§ **Assigned task**
Skip the pictures and write out, word for word, the lines below from the one with "北京新東方學(xué)校呼叫" through the one with "Después del abrupto", inclusive.

§ **Records from a data source**
- - - -
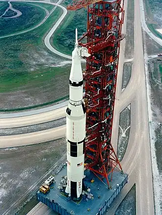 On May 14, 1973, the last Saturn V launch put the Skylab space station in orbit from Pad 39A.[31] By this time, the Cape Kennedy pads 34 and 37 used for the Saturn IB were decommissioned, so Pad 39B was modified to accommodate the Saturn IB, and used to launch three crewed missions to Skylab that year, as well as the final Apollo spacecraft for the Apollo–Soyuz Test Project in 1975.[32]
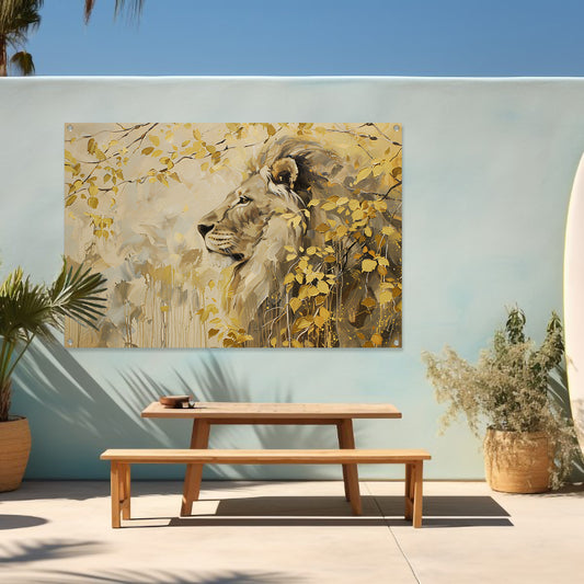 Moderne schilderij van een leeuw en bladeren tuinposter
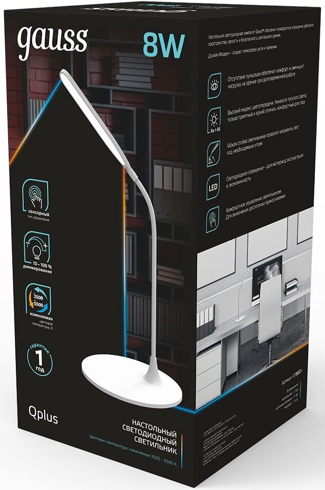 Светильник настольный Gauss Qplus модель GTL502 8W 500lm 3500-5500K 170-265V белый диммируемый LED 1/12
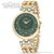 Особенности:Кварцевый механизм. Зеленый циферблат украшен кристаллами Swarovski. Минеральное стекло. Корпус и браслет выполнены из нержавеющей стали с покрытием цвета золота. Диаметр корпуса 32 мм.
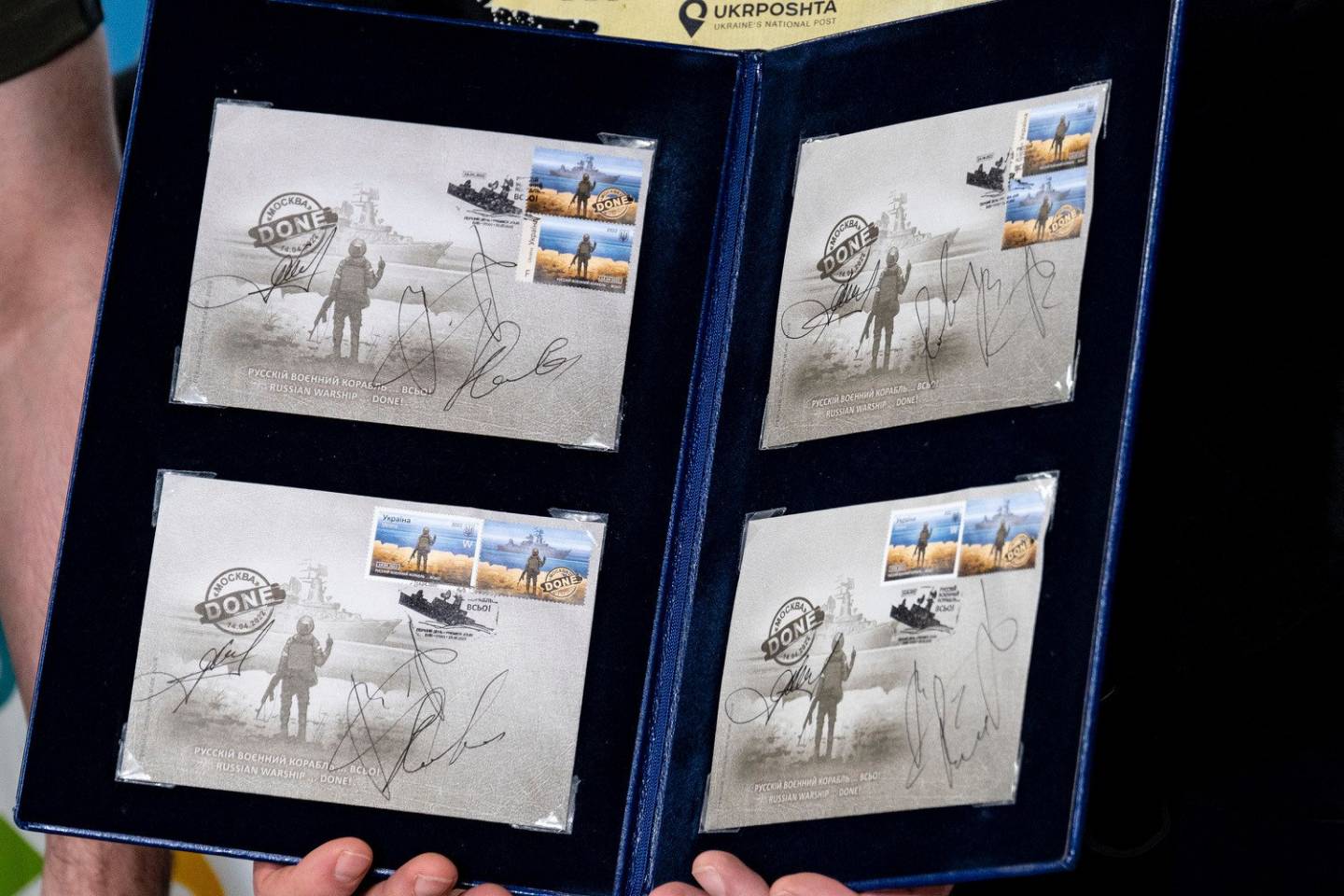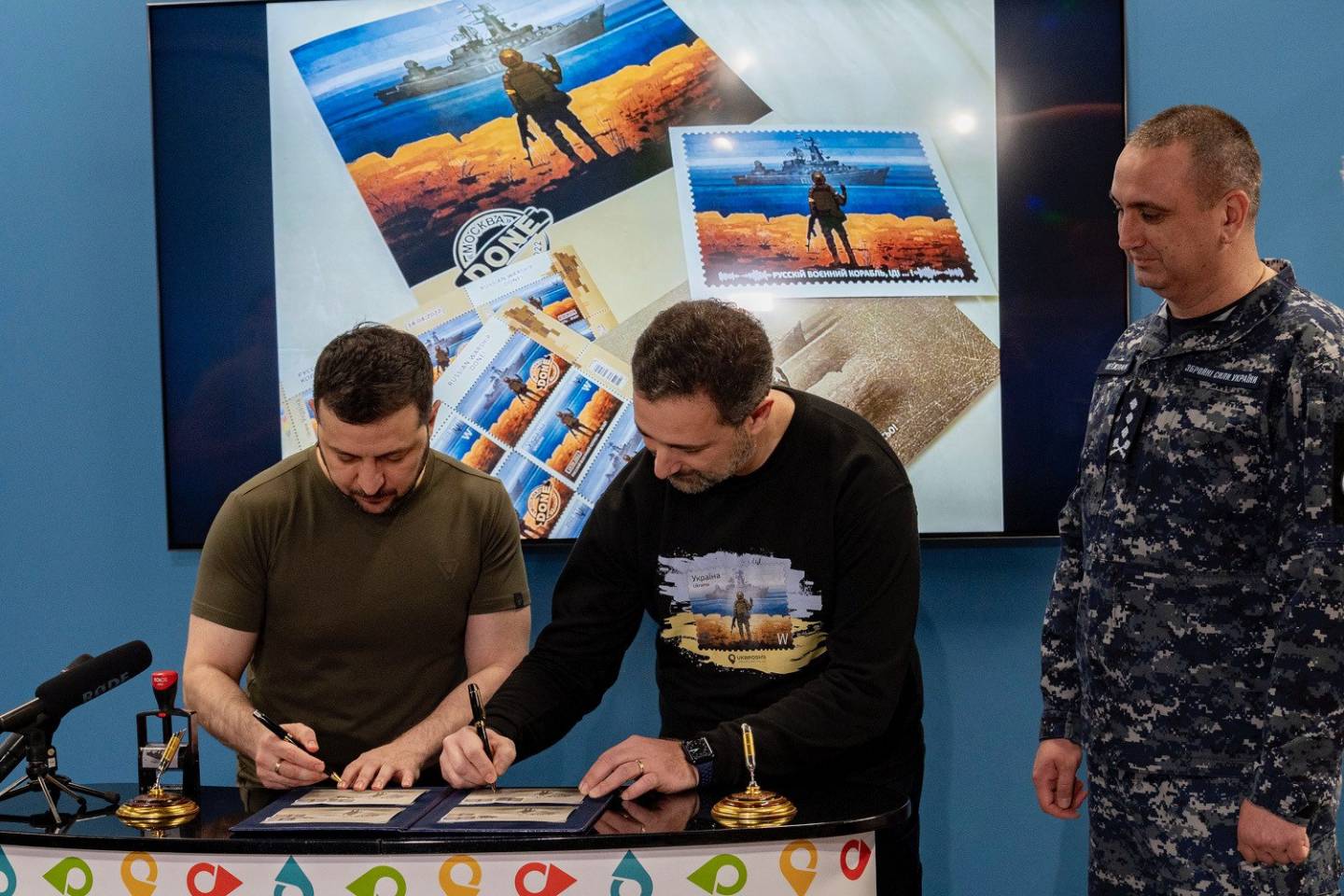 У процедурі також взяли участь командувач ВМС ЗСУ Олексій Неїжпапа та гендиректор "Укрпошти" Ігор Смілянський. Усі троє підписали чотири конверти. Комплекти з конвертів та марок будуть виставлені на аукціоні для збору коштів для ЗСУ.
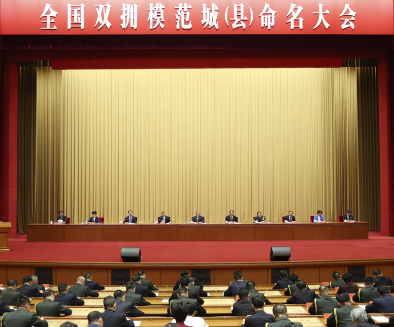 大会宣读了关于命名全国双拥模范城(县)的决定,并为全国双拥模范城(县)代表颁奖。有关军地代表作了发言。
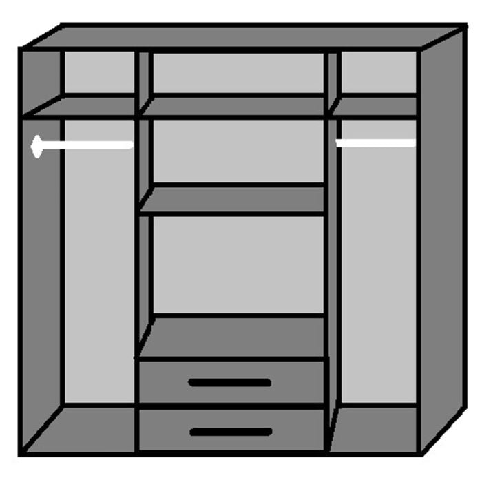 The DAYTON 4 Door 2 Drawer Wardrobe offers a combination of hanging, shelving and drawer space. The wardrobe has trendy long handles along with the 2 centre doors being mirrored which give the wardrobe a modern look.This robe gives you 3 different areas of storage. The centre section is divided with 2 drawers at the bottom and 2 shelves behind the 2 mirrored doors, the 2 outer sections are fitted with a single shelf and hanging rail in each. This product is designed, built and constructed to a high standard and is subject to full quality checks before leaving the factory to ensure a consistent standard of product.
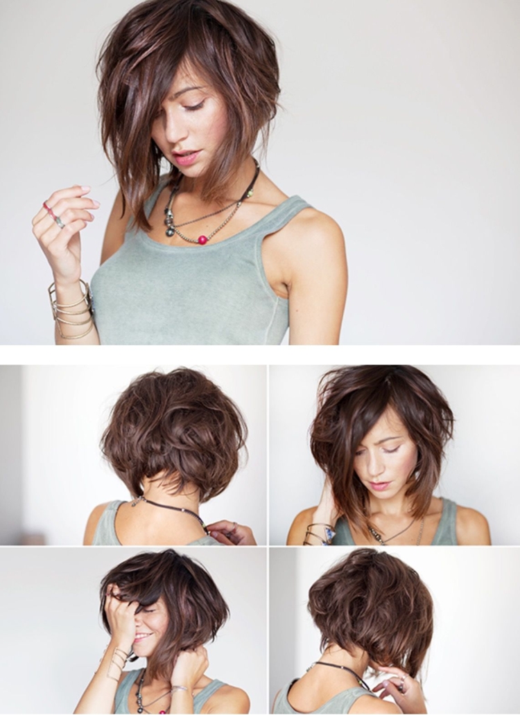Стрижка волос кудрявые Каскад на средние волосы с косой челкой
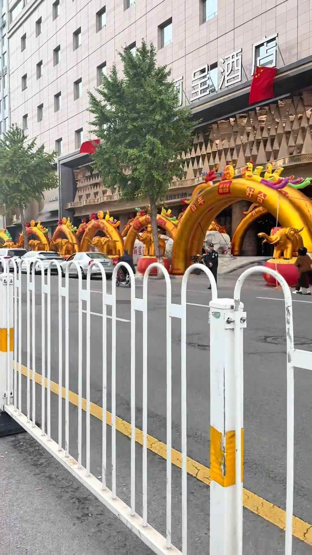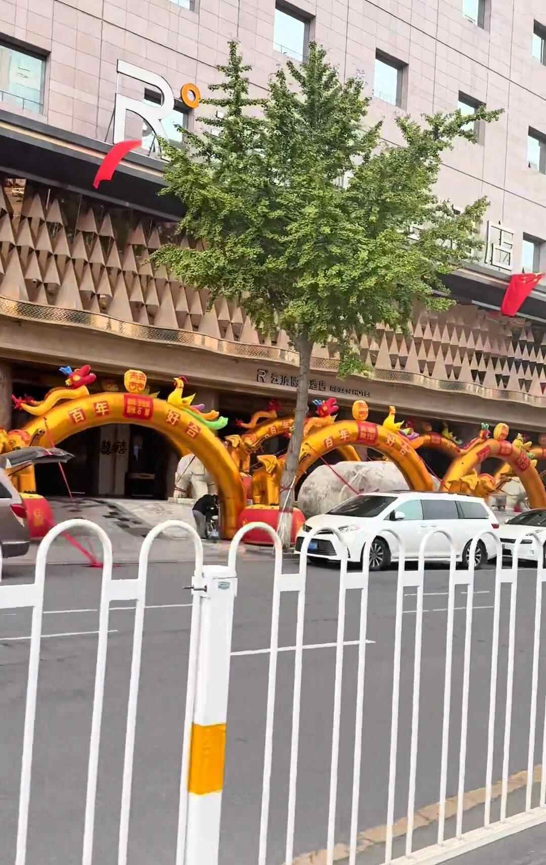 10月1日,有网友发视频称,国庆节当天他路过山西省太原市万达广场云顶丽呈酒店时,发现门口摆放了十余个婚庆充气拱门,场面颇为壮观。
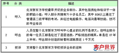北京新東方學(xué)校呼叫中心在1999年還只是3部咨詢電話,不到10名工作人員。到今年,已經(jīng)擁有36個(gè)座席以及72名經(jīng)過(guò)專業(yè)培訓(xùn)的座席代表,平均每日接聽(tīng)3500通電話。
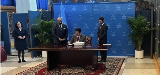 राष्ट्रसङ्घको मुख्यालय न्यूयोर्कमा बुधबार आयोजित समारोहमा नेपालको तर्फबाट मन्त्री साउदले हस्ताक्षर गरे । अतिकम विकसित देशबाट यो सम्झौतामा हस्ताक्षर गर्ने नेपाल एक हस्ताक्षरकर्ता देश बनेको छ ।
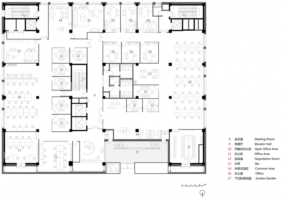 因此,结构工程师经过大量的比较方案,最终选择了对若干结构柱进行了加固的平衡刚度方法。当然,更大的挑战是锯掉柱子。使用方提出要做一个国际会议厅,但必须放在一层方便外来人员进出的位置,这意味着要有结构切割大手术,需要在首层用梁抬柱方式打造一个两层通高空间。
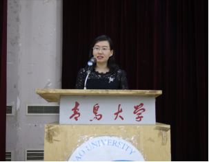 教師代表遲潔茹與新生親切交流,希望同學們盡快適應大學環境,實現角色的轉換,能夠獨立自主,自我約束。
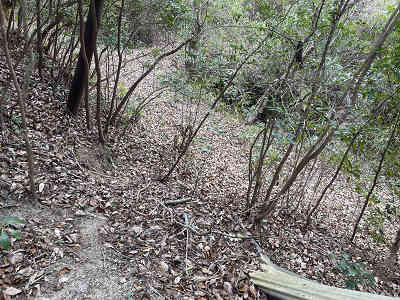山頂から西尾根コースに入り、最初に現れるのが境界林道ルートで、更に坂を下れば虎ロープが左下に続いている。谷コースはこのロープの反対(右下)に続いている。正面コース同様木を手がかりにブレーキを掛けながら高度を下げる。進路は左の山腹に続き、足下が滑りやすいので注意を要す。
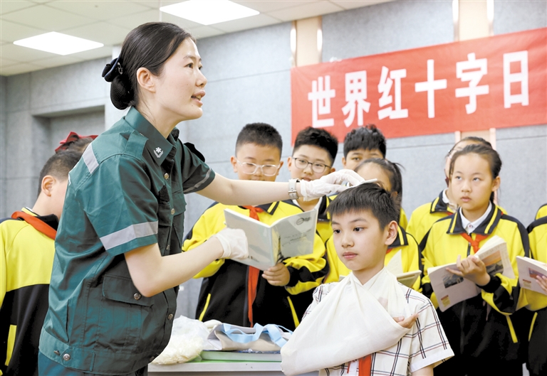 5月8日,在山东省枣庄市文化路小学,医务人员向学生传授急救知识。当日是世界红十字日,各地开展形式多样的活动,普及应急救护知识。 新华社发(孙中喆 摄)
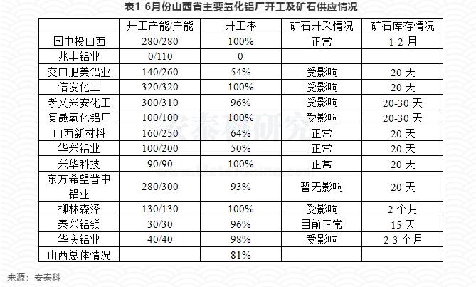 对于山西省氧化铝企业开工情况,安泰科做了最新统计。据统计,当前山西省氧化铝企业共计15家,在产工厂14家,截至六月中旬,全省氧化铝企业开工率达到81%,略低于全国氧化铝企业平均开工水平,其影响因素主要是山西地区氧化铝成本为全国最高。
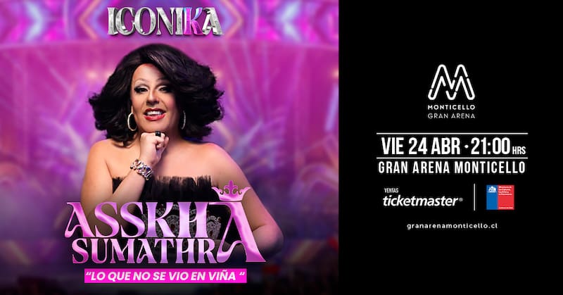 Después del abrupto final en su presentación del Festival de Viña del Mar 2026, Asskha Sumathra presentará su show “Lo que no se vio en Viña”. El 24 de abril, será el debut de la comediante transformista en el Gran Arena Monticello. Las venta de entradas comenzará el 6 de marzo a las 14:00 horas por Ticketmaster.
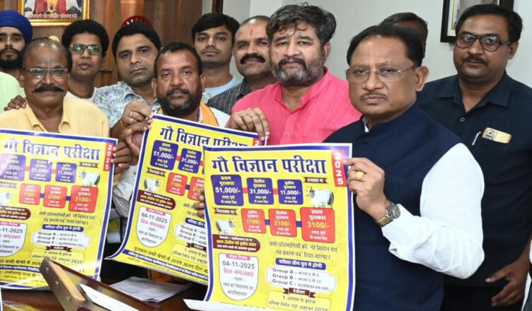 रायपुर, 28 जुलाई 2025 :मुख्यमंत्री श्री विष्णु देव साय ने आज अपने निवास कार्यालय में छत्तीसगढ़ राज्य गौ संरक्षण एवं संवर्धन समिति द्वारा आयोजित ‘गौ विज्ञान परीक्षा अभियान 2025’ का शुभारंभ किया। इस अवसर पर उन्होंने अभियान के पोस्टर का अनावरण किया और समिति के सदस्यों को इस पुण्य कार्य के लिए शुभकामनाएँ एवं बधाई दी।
- - - -
§ **Answer section**
北京新東方學(xué)校呼叫中心在1999年還只是3部咨詢電話,不到10名工作人員。到今年,已經(jīng)擁有36個(gè)座席以及72名經(jīng)過(guò)專業(yè)培訓(xùn)的座席代表,平均每日接聽(tīng)3500通電話。
 राष्ट्रसङ्घको मुख्यालय न्यूयोर्कमा बुधबार आयोजित समारोहमा नेपालको तर्फबाट मन्त्री साउदले हस्ताक्षर गरे । अतिकम विकसित देशबाट यो सम्झौतामा हस्ताक्षर गर्ने नेपाल एक हस्ताक्षरकर्ता देश बनेको छ ।
 因此,结构工程师经过大量的比较方案,最终选择了对若干结构柱进行了加固的平衡刚度方法。当然,更大的挑战是锯掉柱子。使用方提出要做一个国际会议厅,但必须放在一层方便外来人员进出的位置,这意味着要有结构切割大手术,需要在首层用梁抬柱方式打造一个两层通高空间。
 教師代表遲潔茹與新生親切交流,希望同學們盡快適應大學環境,實現角色的轉換,能夠獨立自主,自我約束。
山頂から西尾根コースに入り、最初に現れるのが境界林道ルートで、更に坂を下れば虎ロープが左下に続いている。谷コースはこのロープの反対(右下)に続いている。正面コース同様木を手がかりにブレーキを掛けながら高度を下げる。進路は左の山腹に続き、足下が滑りやすいので注意を要す。
 5月8日,在山东省枣庄市文化路小学,医务人员向学生传授急救知识。当日是世界红十字日,各地开展形式多样的活动,普及应急救护知识。 新华社发(孙中喆 摄)
 对于山西省氧化铝企业开工情况,安泰科做了最新统计。据统计,当前山西省氧化铝企业共计15家,在产工厂14家,截至六月中旬,全省氧化铝企业开工率达到81%,略低于全国氧化铝企业平均开工水平,其影响因素主要是山西地区氧化铝成本为全国最高。
 Después del abrupto final en su presentación del Festival de Viña del Mar 2026, Asskha Sumathra presentará su show “Lo que no se vio en Viña”. El 24 de abril, será el debut de la comediante transformista en el Gran Arena Monticello. Las venta de entradas comenzará el 6 de marzo a las 14:00 horas por Ticketmaster.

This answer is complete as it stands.